* **Exercise brief**
When the listing below reaches the line that has "Multibrackets M Deskmount", start reproducing exactly; stop after the line that has "黑色濃煙從轎車上竄出,幾乎遮", and drop the pictures.
(Records to process)
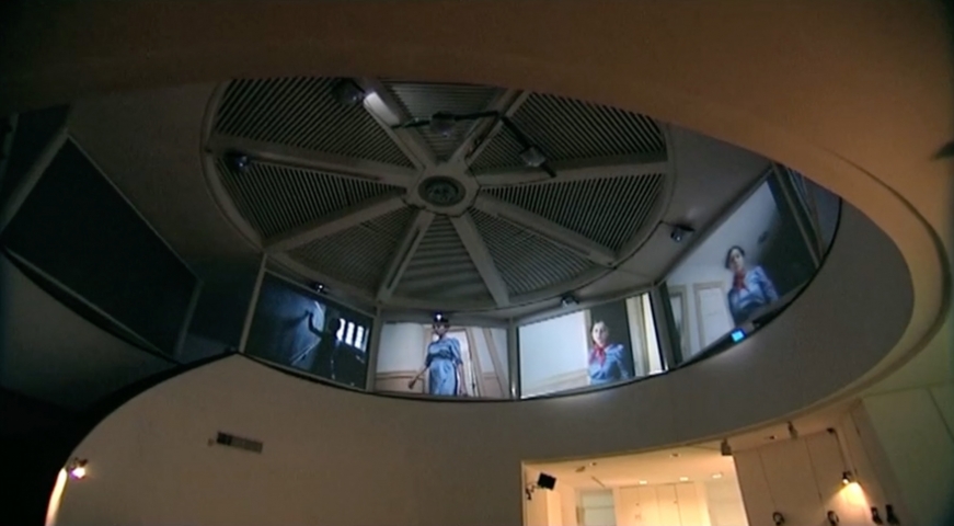אחד המרכיבים בתערוכה מתייחס לחלל המוזיאון כווילה מוגדלת, בית ענק מודרניסטי ועגול, ומין “אח קטן” לגוגנהיים שבניו יורק, שנבנה כמה שנים לאחריו. הכניסה מהווה מבואה לחלל העליון של התערוכה, המרכז את חדרי הילדים – חלל שבו “הכל מותר”: חדר פנטזיונרי של האמן גיל יפמן, ייצוג של טקסטים פואטיים/ארוטיים בשפת סימנים של האמנים רומי אחיטוב ואורית קרוגלנסקי, כוריאוגרפית סימנים מומצאת לשיר “בדד” של טל שושן, אקט פיתומי (דיבור מהבטן) של אימוגן סטידוורת’י או נאום של צ’פלין מתוך “הדיקטטור הגדול” המסומן על ידי נואם ערוף ראש, בעבודתו של האמן ג’ורדן וולפסון. עוד במתחם העליון של התערוכה: סימני דרך של טריקסי וייס מאירים את תשומת לבו של המבקר לעשייה ולפעולה. בין הטרקלין לחלל העליון, בספירלה של שמונה “חלונות”, עבודת הווידיאו של אירה אדוארדובנה מספרת סיפור המתרחש בנופים שונים. בתוך הנופים הללו האמנית נתונה לסימני דרך המובילים אותה, בסופו של דבר, לשומקום.
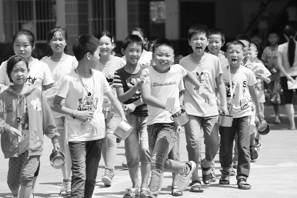 9月1日,灾后的随县柳林二小顺利开学。图为学生们快乐地跑向食堂准备吃午餐。 (本报记者 徐斌 摄)
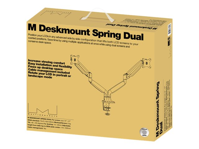 Multibrackets M Deskmount Spring Dual - Asennuspakkaus (pöytäasennus) malleihin 2 LCD-näyttöä - teräs, korkealaatuinen alumiini - hopea -näytön koko: 15"-27"
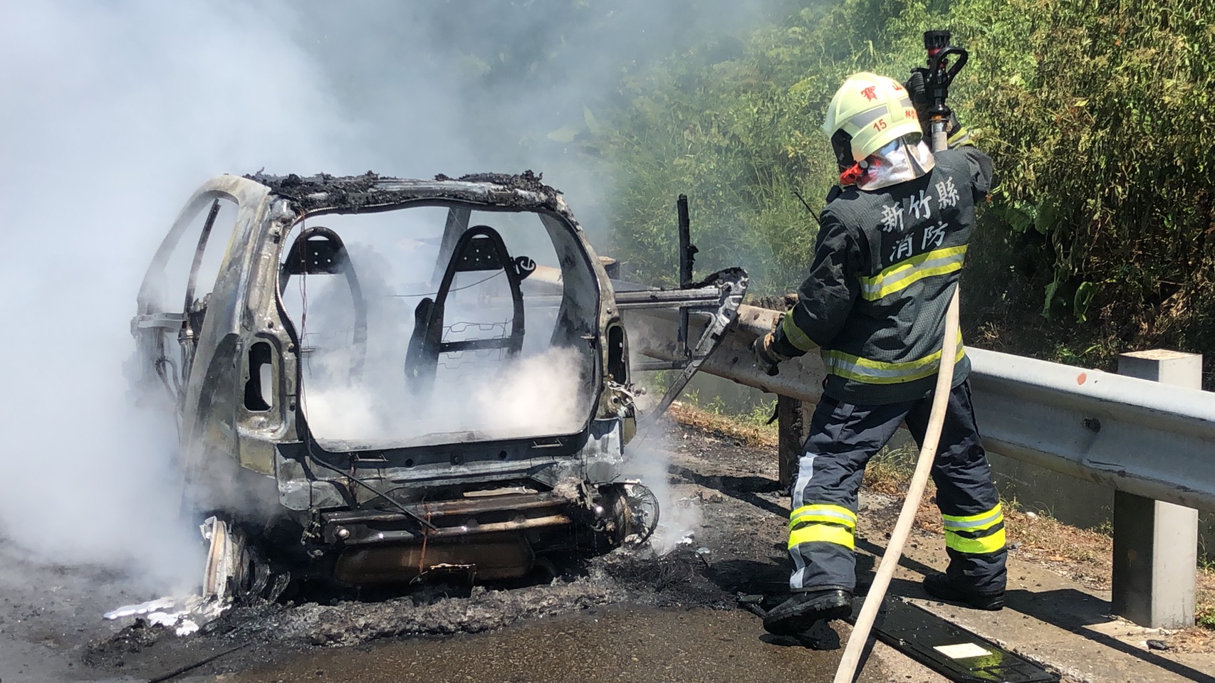 黑色濃煙從轎車上竄出,幾乎遮住一個車道,在熊熊烈火不斷燃燒下,白色Smart被燒到幾乎只剩下骨架,今國道3號下午1點多傳出火燒車意外,消防車獲報後趕到現場佈水線灌救,迅速將火勢撲滅,起火轎車燒到只剩下骨架,一旁還有許多員警在指揮交通,及時脫困的駕駛表示,這台起火白色Smart是今年三月買的中古車,除了近期冷氣有部分狀況,其他都沒有異狀,至於為什麼開一開會突然起火燃燒,自己也很困惑,詳細原因還要等警方釐清。
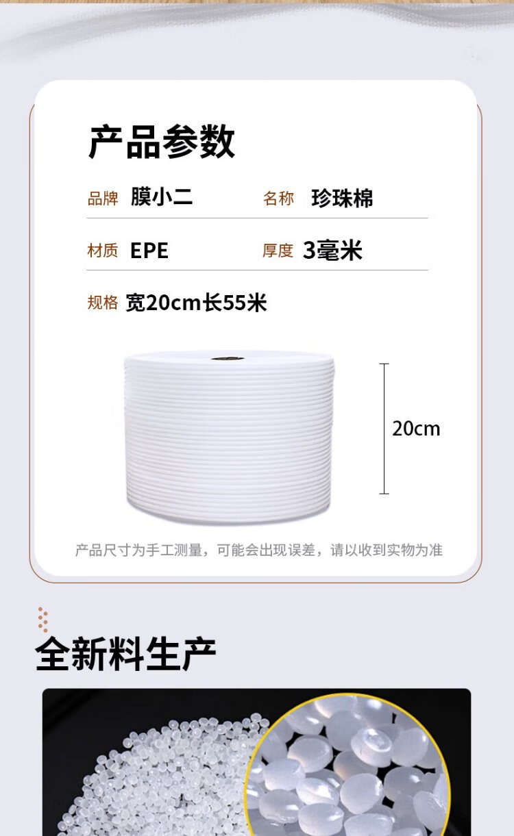 Membrane waiter shockproof pearl cotton foam cotton roll 3mm wide 20cm express foam board packaging packaging film filled cotton reinforced shockproof epe
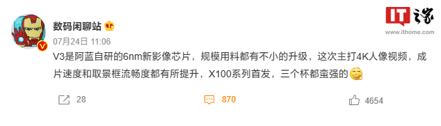 另据微博博主 @数码闲聊站 爆料,V3 影像芯片的规模用料都会有不小升级,将于 X100 系列新机首发。功能方面,此次将“主打 4K 人像视频,成片速度和取景框流畅度都有所提升”。
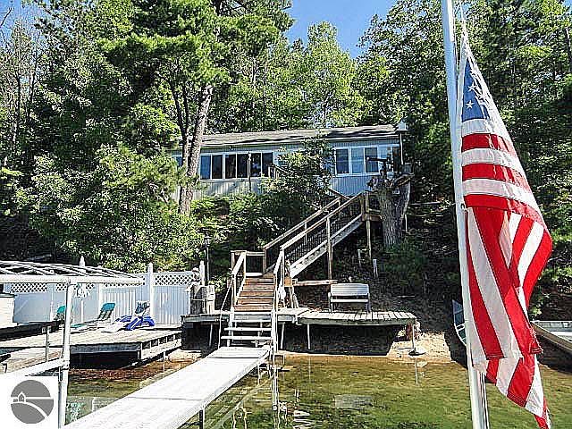 Arbutus Lake is right out your front door with this sharp 3 BR home. Nice firm private frontage and amazing lake views. Plenty of room to enjoy the outdoors from the large 3 seasons porch, patios and lakefront deck. The home features an open floor plan, fireplace, main floor laundry and great Northwoods charm. There is a finished oversized garage with kitchenette and bath. Arbutus Lake is an all sports lake located just minutes from downtown Traverse City. This home also has vacation rental history. Presented by Ken Weaver - Traverse North Realty - 231-357-0821
(End Records to process)
* **Result of the exercise**
 Multibrackets M Deskmount Spring Dual - Asennuspakkaus (pöytäasennus) malleihin 2 LCD-näyttöä - teräs, korkealaatuinen alumiini - hopea -näytön koko: 15"-27"
 黑色濃煙從轎車上竄出,幾乎遮住一個車道,在熊熊烈火不斷燃燒下,白色Smart被燒到幾乎只剩下骨架,今國道3號下午1點多傳出火燒車意外,消防車獲報後趕到現場佈水線灌救,迅速將火勢撲滅,起火轎車燒到只剩下骨架,一旁還有許多員警在指揮交通,及時脫困的駕駛表示,這台起火白色Smart是今年三月買的中古車,除了近期冷氣有部分狀況,其他都沒有異狀,至於為什麼開一開會突然起火燃燒,自己也很困惑,詳細原因還要等警方釐清。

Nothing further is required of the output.